Skip to content

Hybrid model

Using a Hybrid Model

MTEB provides a unified [mteb.HybridSearch][] wrapper that allows you to combine multiple retrievers and cross-encoders using different fusion strategies (e.g. Reciprocal Rank Fusion, Distribution-Based Score Fusion, or custom fusion functions).

You can define a hybrid model as follows:

import mteb
from mteb import HybridSearch

# Load individual sub-models (lexical/sparse and dense)
bm25 = mteb.get_model("mteb/baseline-bm25s")
dense = mteb.get_model("intfloat/multilingual-e5-small")

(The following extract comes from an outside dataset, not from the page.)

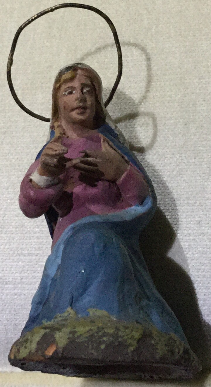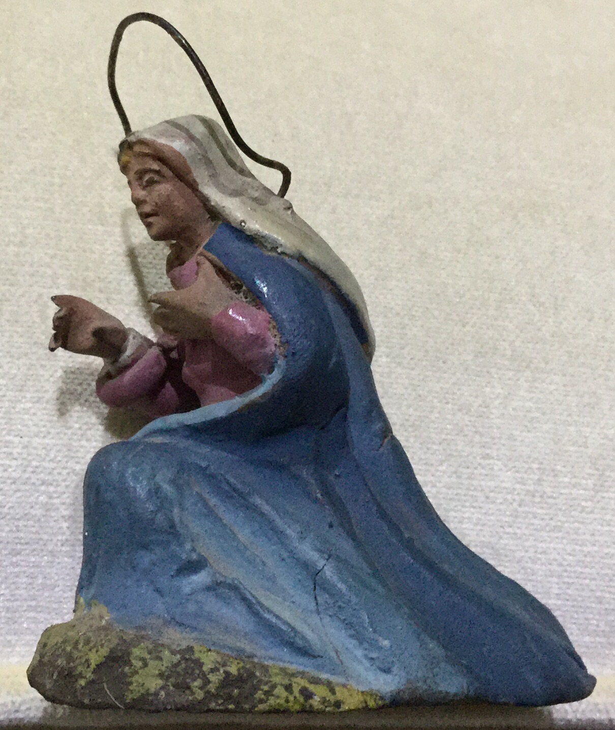 Buscando en el foro y concretamente en el hilo de Jiménez Rada, aunque no tiene el sello característico de este autor (puede ser por el pequeño tamaño), si encontré algunas aspectos comunes como el modelado de manos, el remangado de las mangas de la vestimenta típica en éste y la policromia.
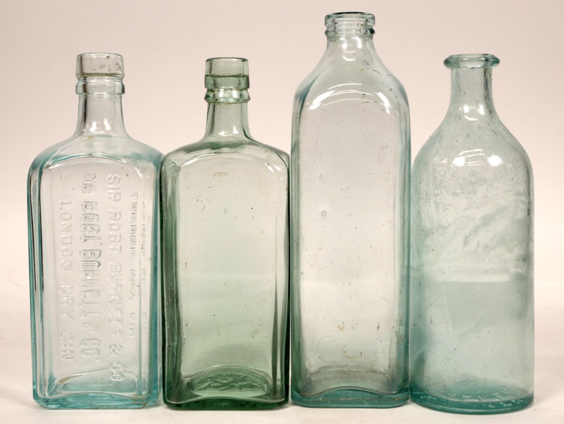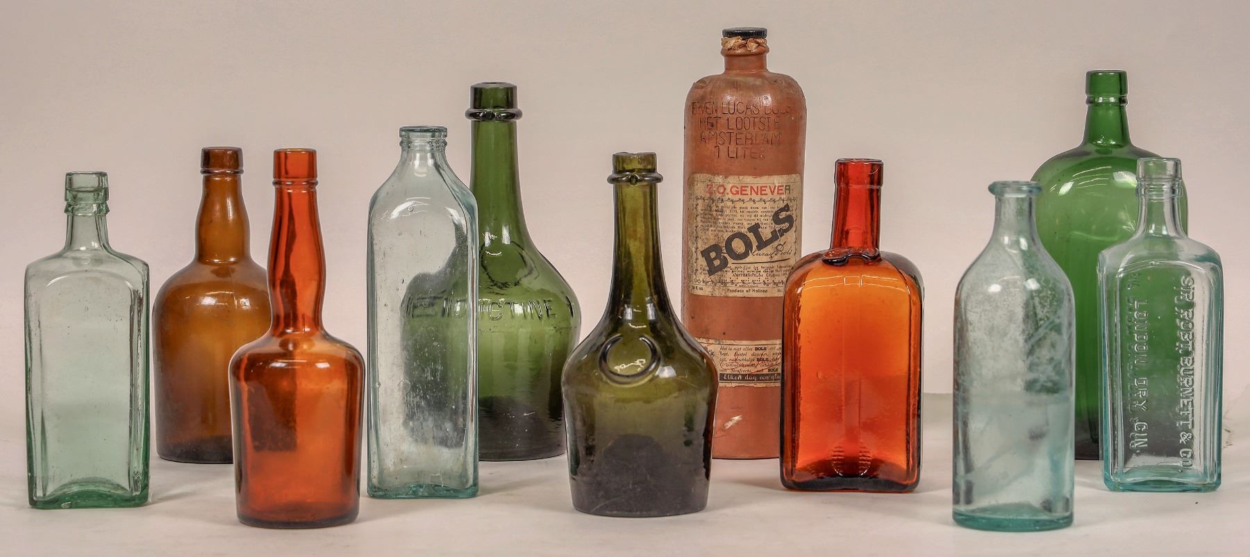11 assorted gin and liquor bottles. Squat brown/aqua 8", unmarked aqua-drug store? 8.25", green Benedictine 9.5" and 9", unmarked amber long neck 9.25", light aqua unmarked early Gordon's Gin 8.25", light aqua Burnett gin 8.5", Boll's Gin 12", light aqua Walkers Whiskey 9.5", unmarked oval green 10.5", amber Cointreau 8.5".

# Create the hybrid model combining both sub-models
hybrid_model = HybridSearch(
    models=[bm25, dense],
    fusion_strategy="rrf",
    weights=[0.5, 0.5],
)

# Evaluate the hybrid model on your selected tasks
tasks = mteb.get_tasks(tasks=["NFCorpus"])
results = mteb.evaluate(hybrid_model, tasks=tasks)

Performance Comparison

To demonstrate the effectiveness of combining different retrieval paradigms, the table below compares the performance (NDCG@10) of individual sub-models against their hybrid combinations using Reciprocal Rank Fusion (RRF), Distribution-Based Score Fusion (DBSF), and Relative Score Fusion (RSF):

Task mteb/baseline-bm25s intfloat/multilingual-e5-small hybrid using rrf hybrid using dbsf hybrid using 'rsf`
NanoSciFactRetrieval 0.710 0.725 0.754 0.538 0.767
NanoNFCorpusRetrieval 0.325 0.288 0.329 0.338 0.359
NanoSCIDOCSRetrieval 0.335 0.344 0.369 0.344 0.372

Note: Hybrid models combine the lexical mteb/baseline-bm25s and dense intfloat/multilingual-e5-small models using equal weights (0.5/0.5).